Queridas amigas de tales grupos como los 1A, B, D, E y F, esta obra no esta muy enfocado sobre sus companeras del 1C solamente porque ellas estan conocidas como LAS CONSENTIDAS por mera casualidad. La realidad politica es que este grupo esta compuesto por una proporcion muy elevada de campeonas valiosas Chihuahuenses quienes han merecido este reconocimiento.

Sin embargo son tantas las personas que encontramos en sus grupos tambien merecidos de un respeto igual -- y en un rato sale sus cuento (juntamente con algunas "bequitas" para presentar la P.A.A. a la U.T. El Paso, y algunos "ahorritos" para ayudarles cursar la materia del nivel superior aqui en el lado mexicano) -- pero no todos, ni aun la mayoria en qualquier grupo.

No, amigas mias -- tal vez es una lastima, pero la vida es asi. Porque solamente una vez en una vida encontramos un grupo como LAS CONSENTIDAS y aunque fracaso el programa apenas tres semanas antes las vacaciones navidenas, este no cambia la realidad: las damas del 1C alcanzaban un nivel de ingles como segundo idioma (ESL) nunca visto antes, y que nunca vamos a ver despues.

Fue el grupo 1C sencillamente "El mejor de lo nuestro." Y, ahora, por fin -- hablamos directamente con las veteranas del 1C, mejor conocido como LAS CONSENTIDAS. Muy cara y respetadas amigas mias: hay muchas cosas de que se trata este humilde libro, pero su inspiracion viene de ustedes.

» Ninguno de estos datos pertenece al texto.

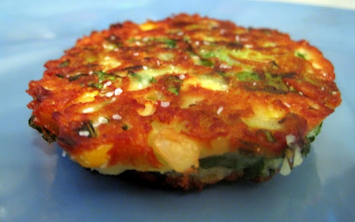 All of the veggies in these delicious fritters came from my CSA this afternoon. I was trying to find a way to use up the kale and corn in one fell swoop, and stumbled across this recipe. These fritters are really yummy and I can’t wait to have one with a fried egg on top for breakfast tomorrow morning

En la reunion breve que tuvimos con algunas de ustedes en la tarde del viernes, el 15 de diciembre, 1995, en el Cafe de Europa ustedes pusieron en marcha todo, pero todo. Y nuestra novela que todavia estaba en marcha tuvo que sufrir la sensacion penosa de estar colocado aparte, porque ustedes a partir aquella fecha nos mandaron por otro camino -- y hacia una otra honda -- aun mas sabrosa: se traduce el titulo de este libro al espanol como, "Una cancion de amor Mexicana."

Gracias! Muchissimas gracias a todos ustedes:
Yadira Ivonne, Cristina, Berenice, Erika, Maria Teresa, Edna Manuela, Velia, Marina Ivonne, Karla Vianney, Veronica Guadalupe, Nohemi, Gloria Edith, Juana Elizabeth, Sandra Iveth, Elizabeth "Letty," Mirna Maria, Auralia, Lourdes, Liliana, Alejandra, Irma, Teresa Candida, Monica, Maria Elena, Angelica Maria, Miriam Elizabeth, Yazmin, Irene, Violeta, et. etc."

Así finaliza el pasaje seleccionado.